Content starts

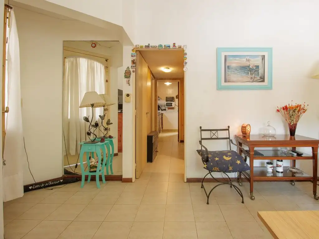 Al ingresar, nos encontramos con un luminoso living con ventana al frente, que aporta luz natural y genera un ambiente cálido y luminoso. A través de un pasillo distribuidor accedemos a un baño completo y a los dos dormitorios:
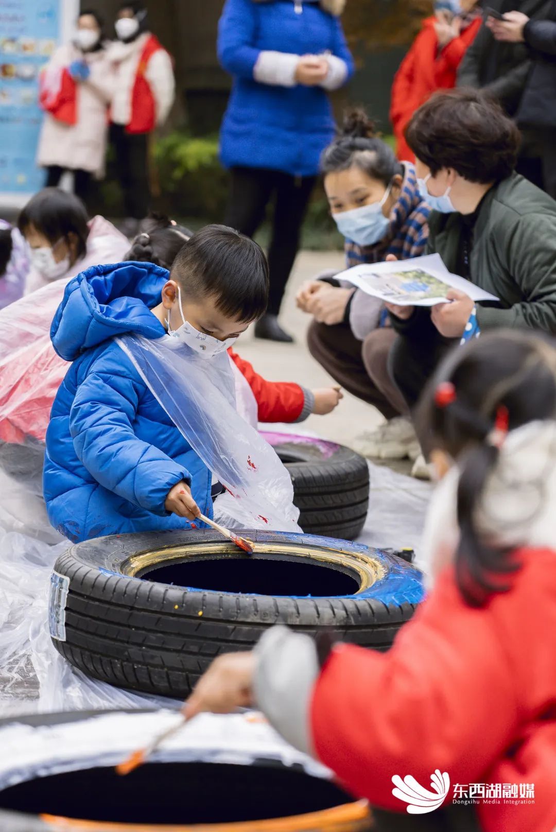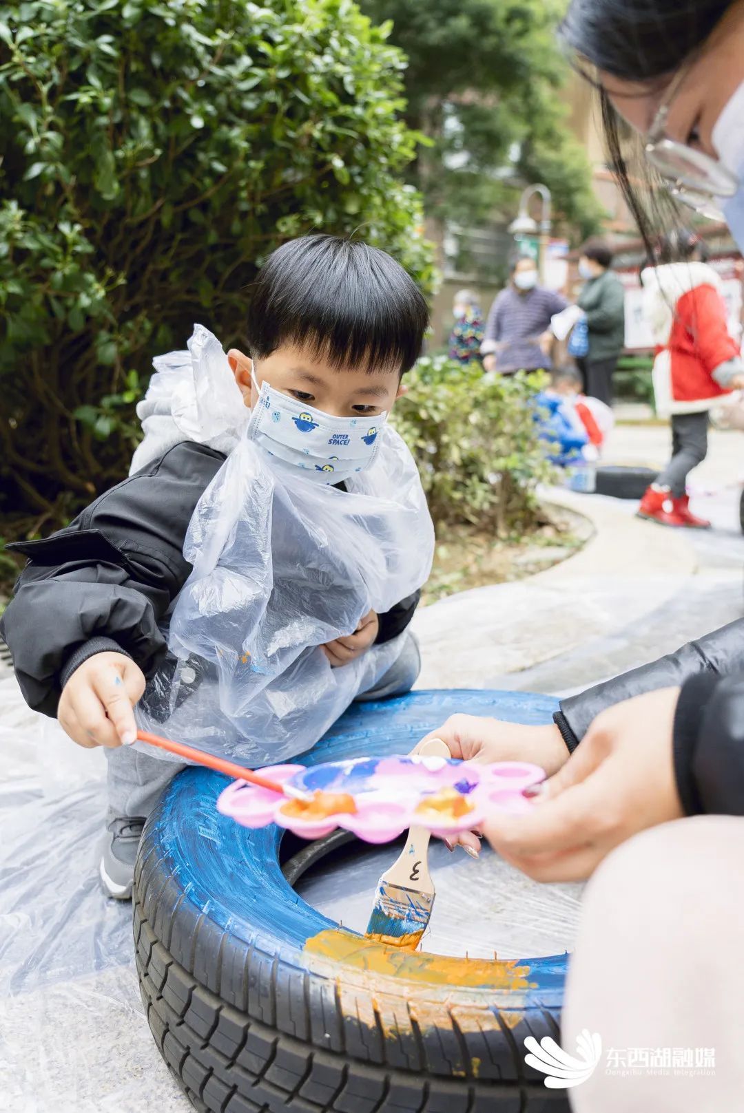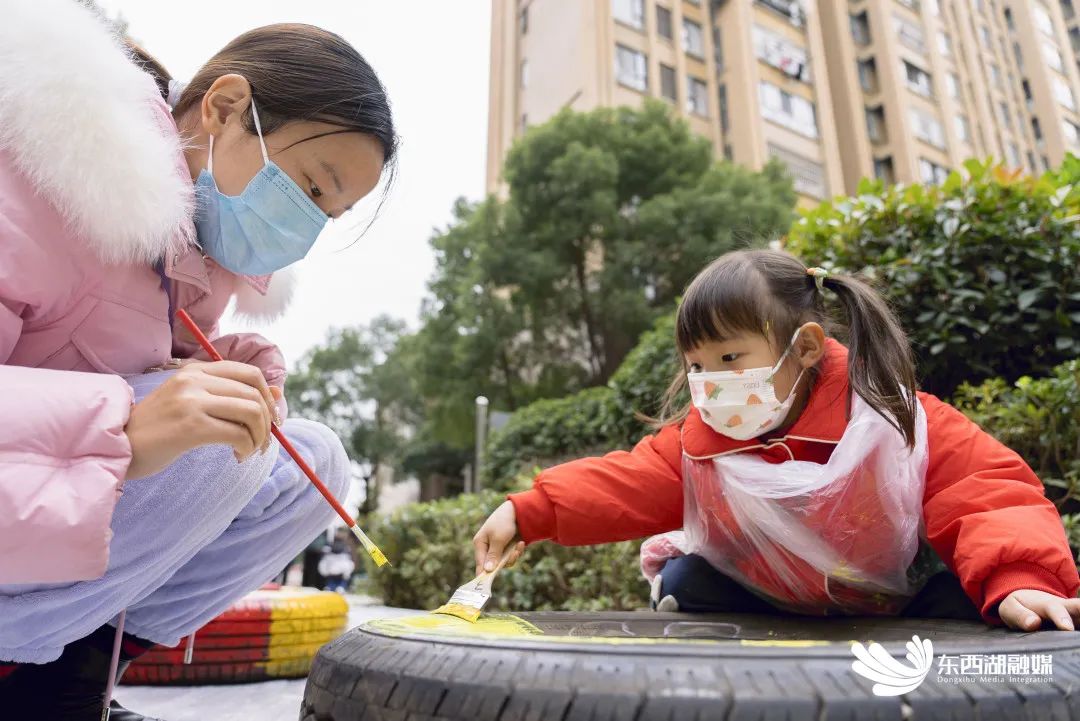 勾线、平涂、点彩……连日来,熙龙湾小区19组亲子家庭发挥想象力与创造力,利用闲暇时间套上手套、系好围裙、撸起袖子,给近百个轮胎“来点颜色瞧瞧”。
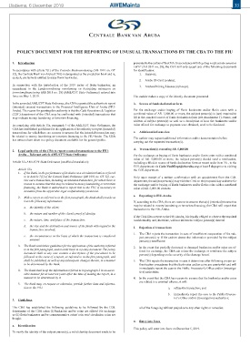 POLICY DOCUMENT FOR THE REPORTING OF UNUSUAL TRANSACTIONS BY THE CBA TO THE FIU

Content ends
Content starts

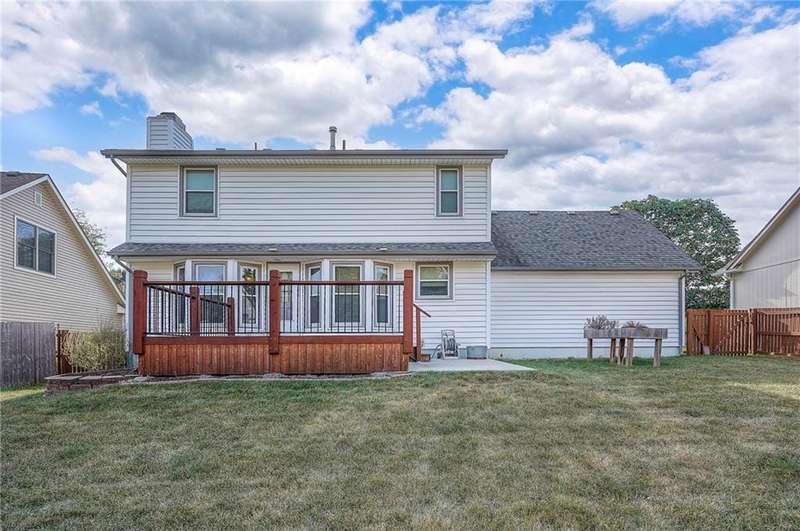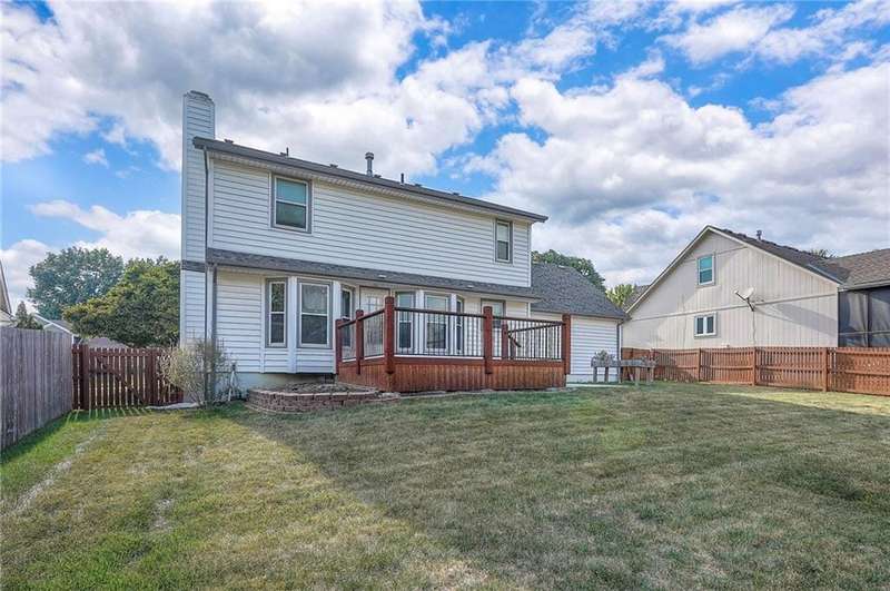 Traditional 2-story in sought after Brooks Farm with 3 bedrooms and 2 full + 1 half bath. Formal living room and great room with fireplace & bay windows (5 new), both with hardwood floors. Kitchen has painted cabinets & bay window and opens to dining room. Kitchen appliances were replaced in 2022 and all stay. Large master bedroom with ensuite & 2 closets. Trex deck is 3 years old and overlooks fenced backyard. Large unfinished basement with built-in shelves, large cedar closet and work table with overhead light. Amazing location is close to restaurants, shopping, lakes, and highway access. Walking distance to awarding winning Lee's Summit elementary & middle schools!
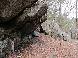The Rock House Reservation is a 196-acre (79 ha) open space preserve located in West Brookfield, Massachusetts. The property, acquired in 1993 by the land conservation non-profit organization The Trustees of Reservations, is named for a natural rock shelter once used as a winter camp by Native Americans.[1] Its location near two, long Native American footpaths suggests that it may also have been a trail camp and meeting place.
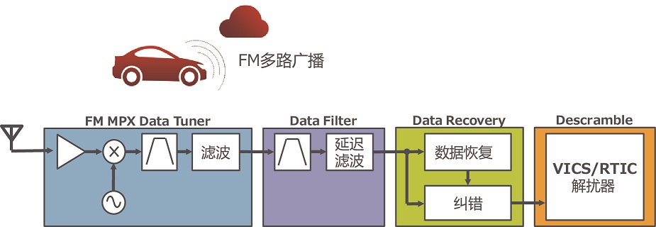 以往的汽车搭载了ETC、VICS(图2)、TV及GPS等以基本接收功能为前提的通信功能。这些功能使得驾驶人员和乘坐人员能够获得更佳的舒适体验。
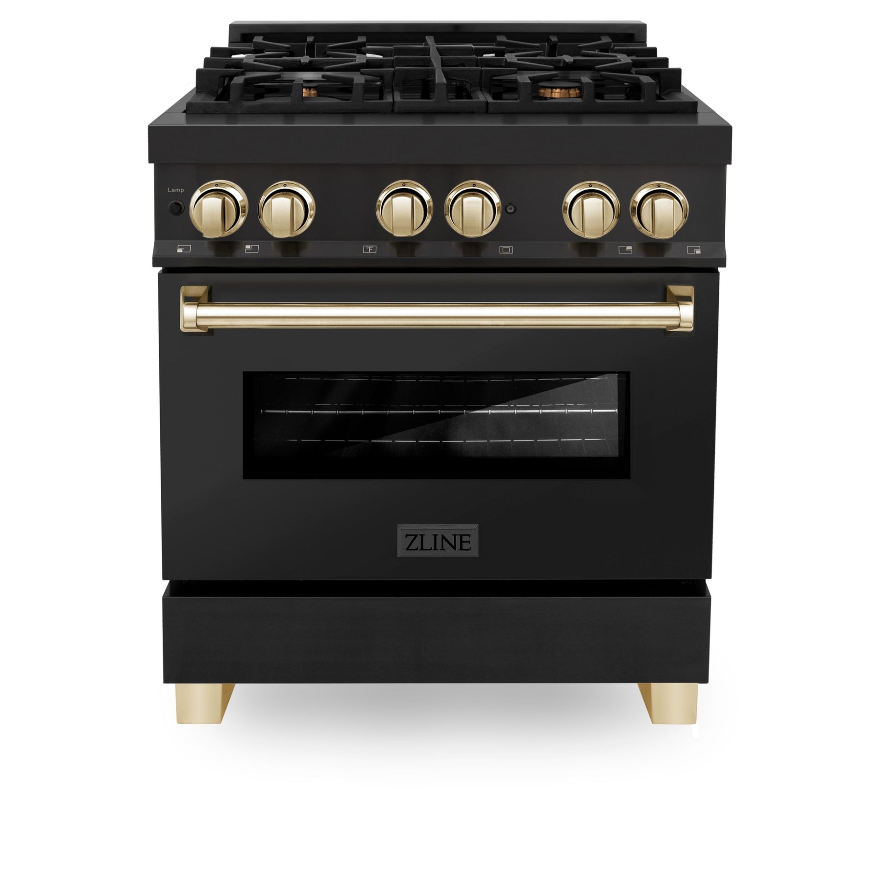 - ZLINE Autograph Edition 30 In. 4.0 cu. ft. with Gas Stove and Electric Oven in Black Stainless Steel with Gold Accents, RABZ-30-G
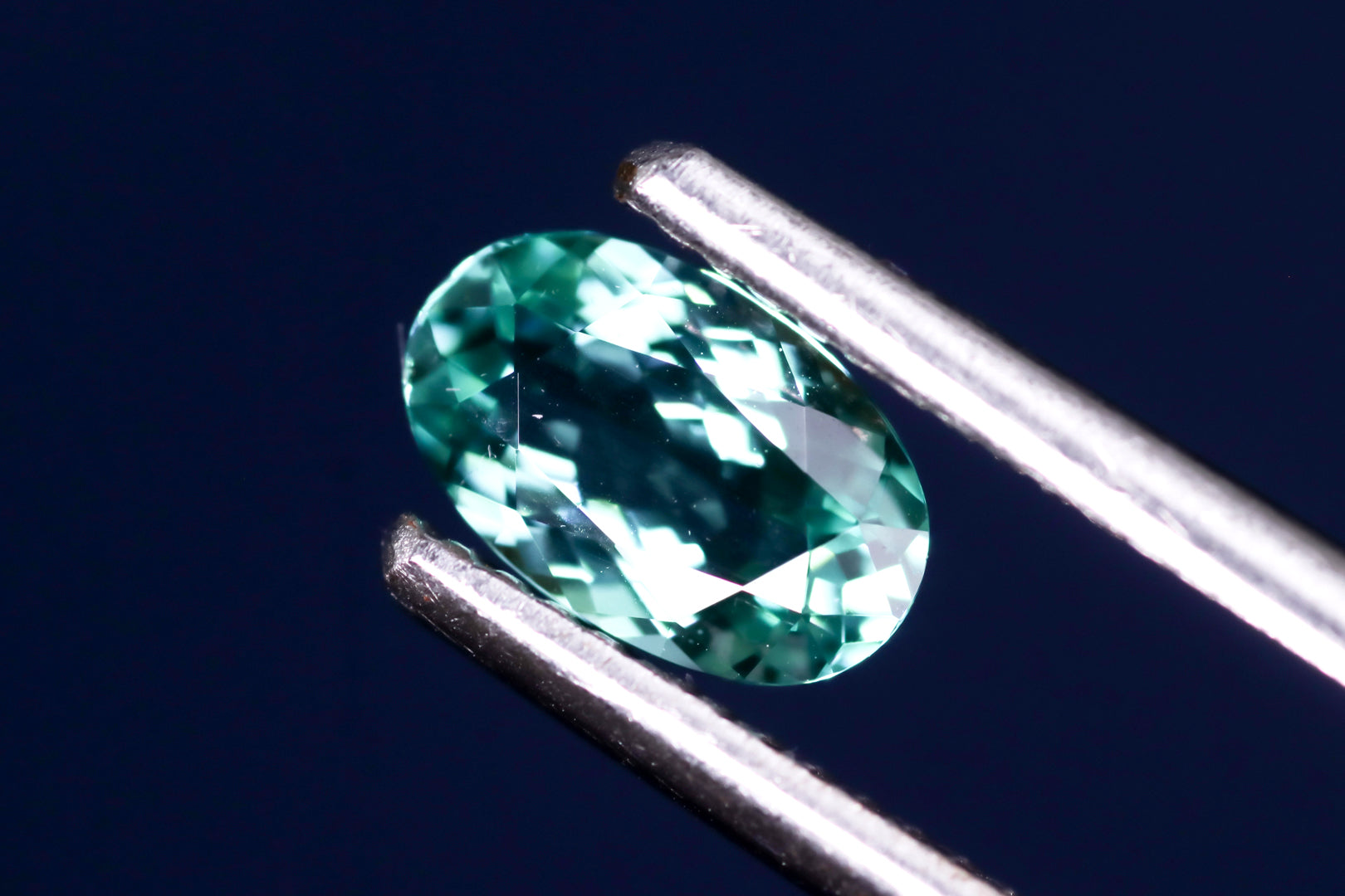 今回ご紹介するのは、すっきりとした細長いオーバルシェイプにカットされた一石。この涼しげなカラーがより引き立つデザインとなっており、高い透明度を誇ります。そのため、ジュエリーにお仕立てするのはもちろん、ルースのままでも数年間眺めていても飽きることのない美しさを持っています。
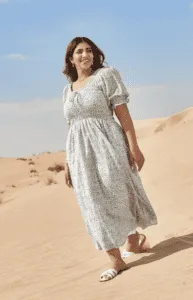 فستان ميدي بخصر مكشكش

Content ends

→ **About this task**:
Copy nothing but the lines above from the one with "- ZLINE Autograph" to the one with "فستان ميدي بخصر مكشكش", inclusive, word for word. Leave every picture out.

→ **Task response**:
 - ZLINE Autograph Edition 30 In. 4.0 cu. ft. with Gas Stove and Electric Oven in Black Stainless Steel with Gold Accents, RABZ-30-G
 今回ご紹介するのは、すっきりとした細長いオーバルシェイプにカットされた一石。この涼しげなカラーがより引き立つデザインとなっており、高い透明度を誇ります。そのため、ジュエリーにお仕立てするのはもちろん、ルースのままでも数年間眺めていても飽きることのない美しさを持っています。
 فستان ميدي بخصر مكشكش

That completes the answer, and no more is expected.